YOUR OBJECTIVE
In the listing below, the lines starting with the line with "NM 88424 FEB" and going on through the line with "商品名称:2025新款全棉色织双层纱纽扣款四件套 扶苏-深兰" are to be reproduced exactly, and only those.

──────

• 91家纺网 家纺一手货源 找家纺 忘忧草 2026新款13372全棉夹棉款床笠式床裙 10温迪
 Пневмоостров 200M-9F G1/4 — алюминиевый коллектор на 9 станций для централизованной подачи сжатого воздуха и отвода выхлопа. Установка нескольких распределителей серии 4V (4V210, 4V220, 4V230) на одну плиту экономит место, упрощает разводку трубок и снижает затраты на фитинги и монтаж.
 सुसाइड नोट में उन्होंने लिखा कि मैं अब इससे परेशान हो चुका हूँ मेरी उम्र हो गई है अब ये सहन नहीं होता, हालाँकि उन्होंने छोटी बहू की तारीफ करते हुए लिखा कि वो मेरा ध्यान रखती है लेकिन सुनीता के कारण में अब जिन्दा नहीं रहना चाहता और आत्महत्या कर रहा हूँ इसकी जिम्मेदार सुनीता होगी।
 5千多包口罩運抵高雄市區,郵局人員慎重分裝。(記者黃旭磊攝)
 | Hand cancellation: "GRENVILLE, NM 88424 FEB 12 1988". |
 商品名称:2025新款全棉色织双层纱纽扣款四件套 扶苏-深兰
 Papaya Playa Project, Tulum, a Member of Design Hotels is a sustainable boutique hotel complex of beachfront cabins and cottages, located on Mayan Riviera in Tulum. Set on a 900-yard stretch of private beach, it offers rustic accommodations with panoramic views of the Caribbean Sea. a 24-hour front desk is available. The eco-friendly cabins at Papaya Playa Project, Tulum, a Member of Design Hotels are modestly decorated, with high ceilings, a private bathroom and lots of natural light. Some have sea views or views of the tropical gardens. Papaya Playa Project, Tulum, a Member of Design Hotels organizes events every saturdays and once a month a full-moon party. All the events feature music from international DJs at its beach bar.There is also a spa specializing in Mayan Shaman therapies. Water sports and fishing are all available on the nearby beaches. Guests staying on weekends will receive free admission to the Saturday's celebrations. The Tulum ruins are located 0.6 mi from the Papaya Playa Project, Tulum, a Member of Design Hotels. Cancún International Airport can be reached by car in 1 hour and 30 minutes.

──────

ANSWER SPACE
 | Hand cancellation: "GRENVILLE, NM 88424 FEB 12 1988". |
 商品名称:2025新款全棉色织双层纱纽扣款四件套 扶苏-深兰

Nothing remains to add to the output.